Dataset records:
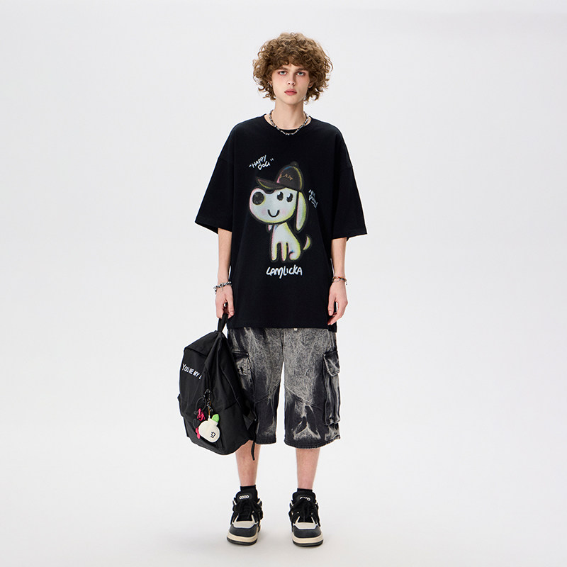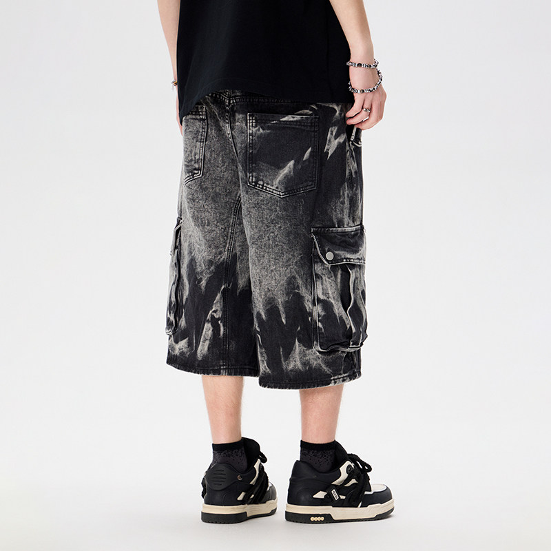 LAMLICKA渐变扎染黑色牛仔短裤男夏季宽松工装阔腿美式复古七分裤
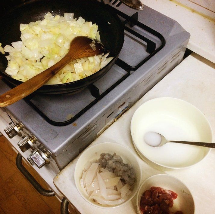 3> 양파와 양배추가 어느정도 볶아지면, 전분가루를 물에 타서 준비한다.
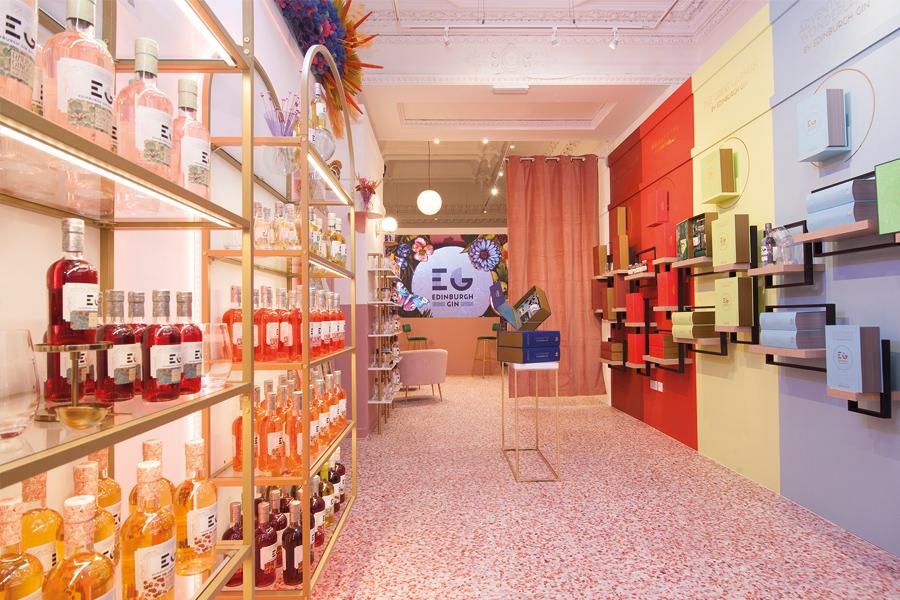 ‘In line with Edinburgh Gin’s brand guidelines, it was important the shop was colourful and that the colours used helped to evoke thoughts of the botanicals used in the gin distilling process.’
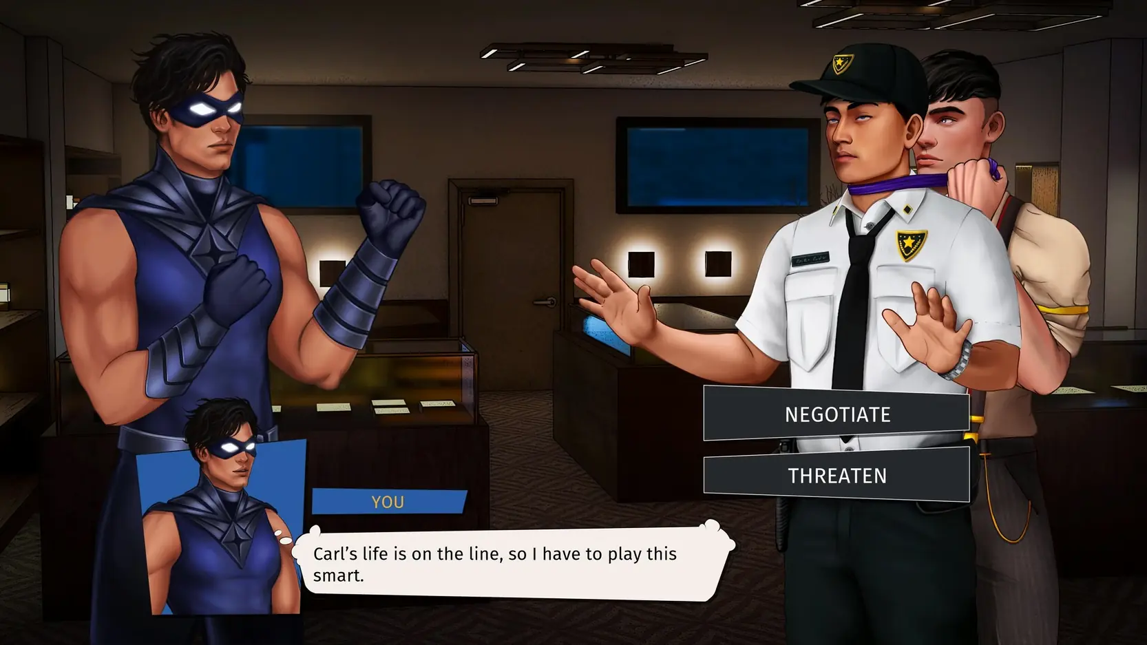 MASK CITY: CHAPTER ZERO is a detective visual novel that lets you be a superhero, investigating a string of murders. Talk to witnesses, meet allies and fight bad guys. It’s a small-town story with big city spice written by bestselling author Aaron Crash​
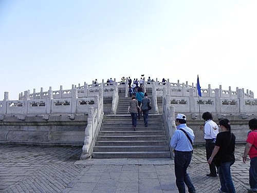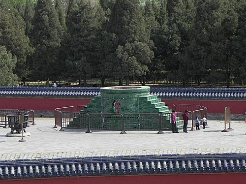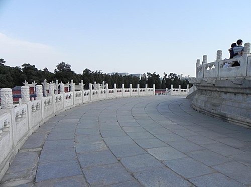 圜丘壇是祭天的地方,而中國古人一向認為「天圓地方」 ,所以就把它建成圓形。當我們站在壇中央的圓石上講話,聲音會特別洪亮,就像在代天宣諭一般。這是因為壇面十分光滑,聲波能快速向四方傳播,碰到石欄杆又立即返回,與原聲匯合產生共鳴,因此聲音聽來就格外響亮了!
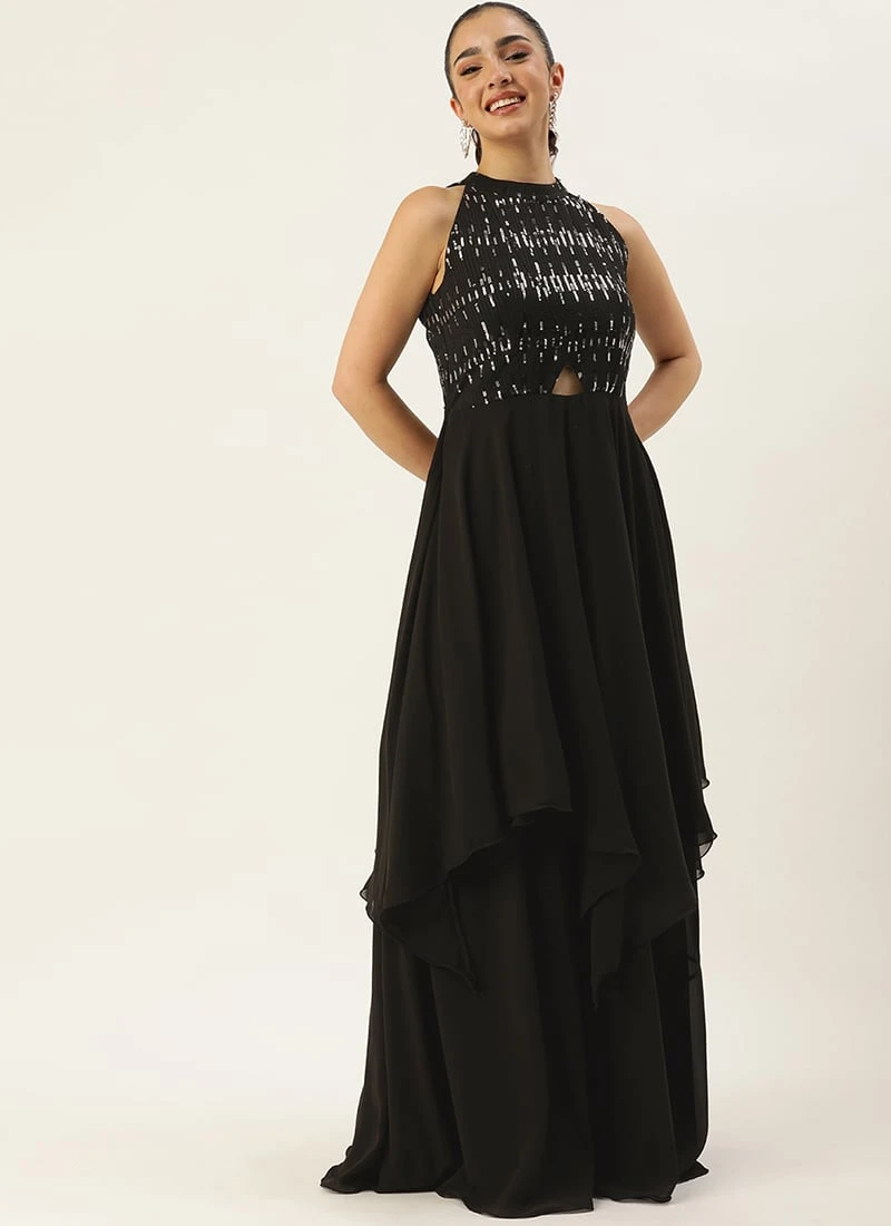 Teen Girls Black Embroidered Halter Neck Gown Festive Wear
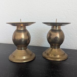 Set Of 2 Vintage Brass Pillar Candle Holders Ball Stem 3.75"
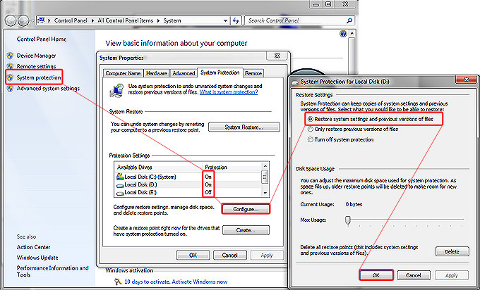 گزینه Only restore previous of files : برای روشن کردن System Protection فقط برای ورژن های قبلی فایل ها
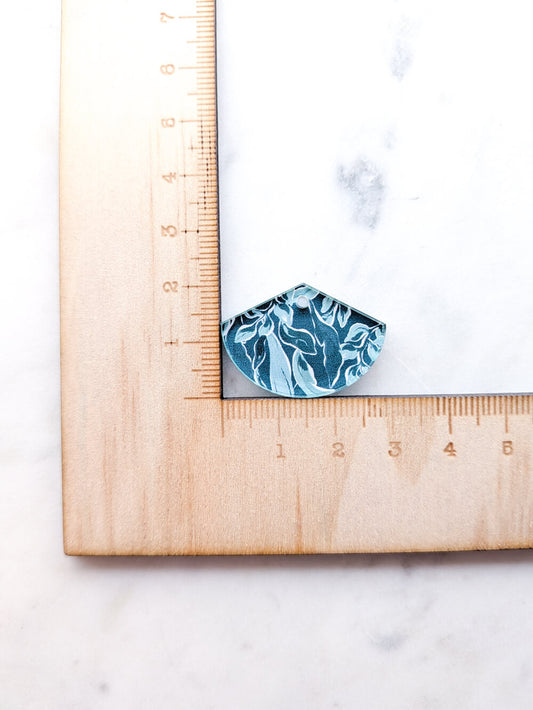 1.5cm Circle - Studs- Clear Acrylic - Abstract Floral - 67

Exercise prompt: With the pictures removed, set down every line of the listing above exactly.

Completed task:
 LAMLICKA渐变扎染黑色牛仔短裤男夏季宽松工装阔腿美式复古七分裤
 3> 양파와 양배추가 어느정도 볶아지면, 전분가루를 물에 타서 준비한다.
 ‘In line with Edinburgh Gin’s brand guidelines, it was important the shop was colourful and that the colours used helped to evoke thoughts of the botanicals used in the gin distilling process.’
 MASK CITY: CHAPTER ZERO is a detective visual novel that lets you be a superhero, investigating a string of murders. Talk to witnesses, meet allies and fight bad guys. It’s a small-town story with big city spice written by bestselling author Aaron Crash​
 圜丘壇是祭天的地方,而中國古人一向認為「天圓地方」 ,所以就把它建成圓形。當我們站在壇中央的圓石上講話,聲音會特別洪亮,就像在代天宣諭一般。這是因為壇面十分光滑,聲波能快速向四方傳播,碰到石欄杆又立即返回,與原聲匯合產生共鳴,因此聲音聽來就格外響亮了!
 Teen Girls Black Embroidered Halter Neck Gown Festive Wear
 Set Of 2 Vintage Brass Pillar Candle Holders Ball Stem 3.75"
 گزینه Only restore previous of files : برای روشن کردن System Protection فقط برای ورژن های قبلی فایل ها
 1.5cm Circle - Studs- Clear Acrylic - Abstract Floral - 67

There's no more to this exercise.